Israeli actress (1946–1992)

Talia Shapira (טליה שפירא; 6 August 1946 – 24 January 1992) was an Israeli actress, singer, comedian and writer.

==Biography==
Shapira was born in Ramat Gan. Her father was an electrician and her mother was a painter who died of cancer when Shapira was 16 years old. She studied at Renanim School of the Arts. After graduating, she joined up with the military band in the IDF and she performed at the Orna Porat Children's Theatre, the Haifa Theatre and the Cameri Theatre.

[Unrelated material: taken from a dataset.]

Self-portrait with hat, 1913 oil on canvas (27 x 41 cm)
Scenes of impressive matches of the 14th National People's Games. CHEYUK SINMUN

On screen, Shapira was known for her roles in films, including Einayim Gdolot (1974), Hagiga LaEinayim (1975), Hagiga B'Snuker (1975), Belfer (1978) and more. She was also a comedian and performer during the late 1980s and early 1990s, with a popular one-woman show and many appearances at the Saturday night show on the Israeli Channel One.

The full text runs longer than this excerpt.